*Work instructions*: Could you print the listing again exactly, omitting the pictures?

*Data section*:
····················

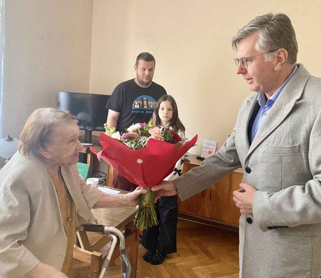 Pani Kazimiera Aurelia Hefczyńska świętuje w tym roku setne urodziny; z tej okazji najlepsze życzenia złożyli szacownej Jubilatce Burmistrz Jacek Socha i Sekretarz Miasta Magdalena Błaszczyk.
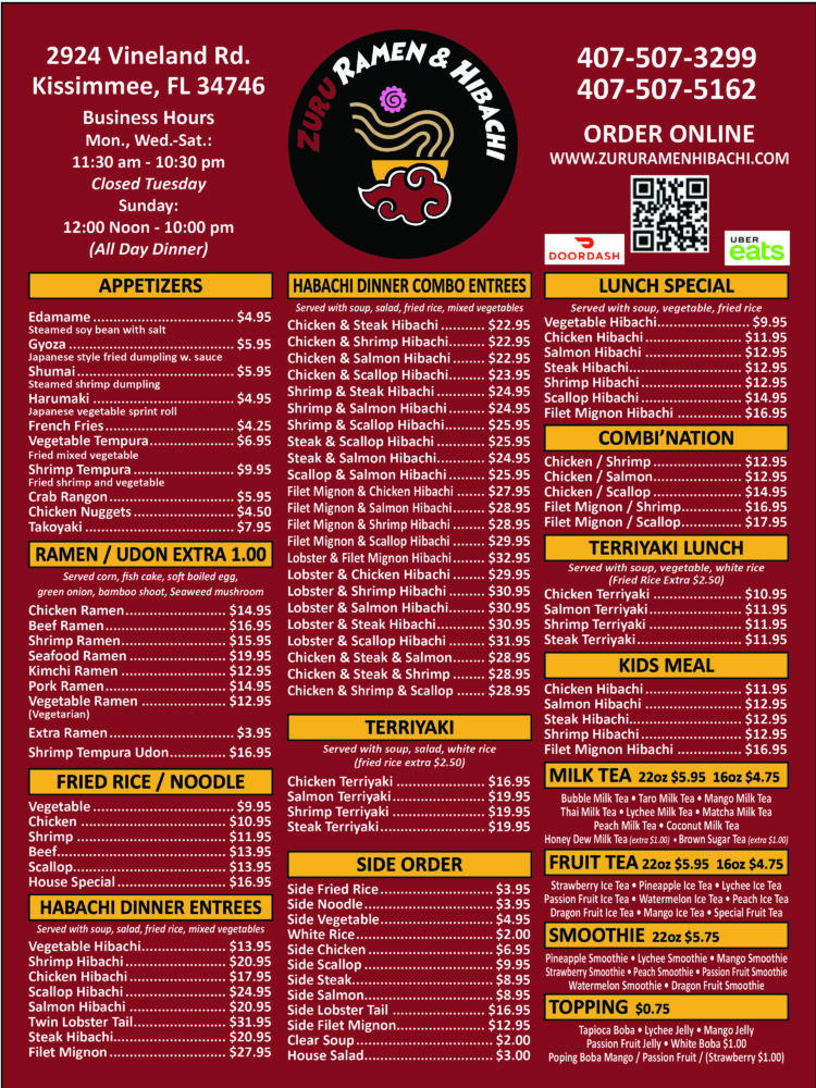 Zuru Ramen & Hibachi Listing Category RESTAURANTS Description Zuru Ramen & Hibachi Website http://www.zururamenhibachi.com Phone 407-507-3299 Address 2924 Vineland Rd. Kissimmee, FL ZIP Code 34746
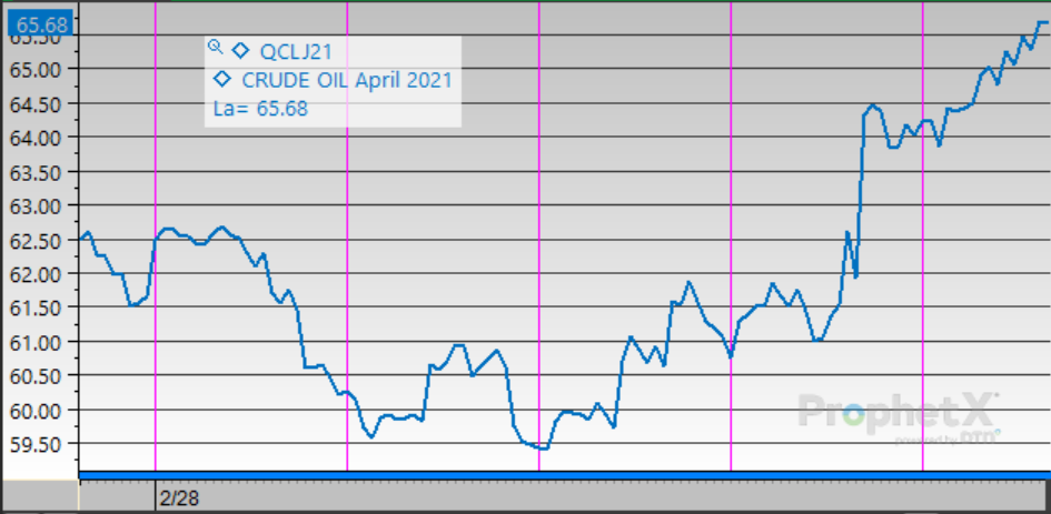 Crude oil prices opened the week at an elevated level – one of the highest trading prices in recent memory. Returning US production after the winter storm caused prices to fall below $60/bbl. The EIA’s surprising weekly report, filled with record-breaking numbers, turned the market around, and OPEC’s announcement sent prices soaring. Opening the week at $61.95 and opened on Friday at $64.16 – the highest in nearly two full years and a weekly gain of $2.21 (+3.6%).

····················

*Task output*:
 Pani Kazimiera Aurelia Hefczyńska świętuje w tym roku setne urodziny; z tej okazji najlepsze życzenia złożyli szacownej Jubilatce Burmistrz Jacek Socha i Sekretarz Miasta Magdalena Błaszczyk.
 Zuru Ramen & Hibachi Listing Category RESTAURANTS Description Zuru Ramen & Hibachi Website http://www.zururamenhibachi.com Phone 407-507-3299 Address 2924 Vineland Rd. Kissimmee, FL ZIP Code 34746
 Crude oil prices opened the week at an elevated level – one of the highest trading prices in recent memory. Returning US production after the winter storm caused prices to fall below $60/bbl. The EIA’s surprising weekly report, filled with record-breaking numbers, turned the market around, and OPEC’s announcement sent prices soaring. Opening the week at $61.95 and opened on Friday at $64.16 – the highest in nearly two full years and a weekly gain of $2.21 (+3.6%).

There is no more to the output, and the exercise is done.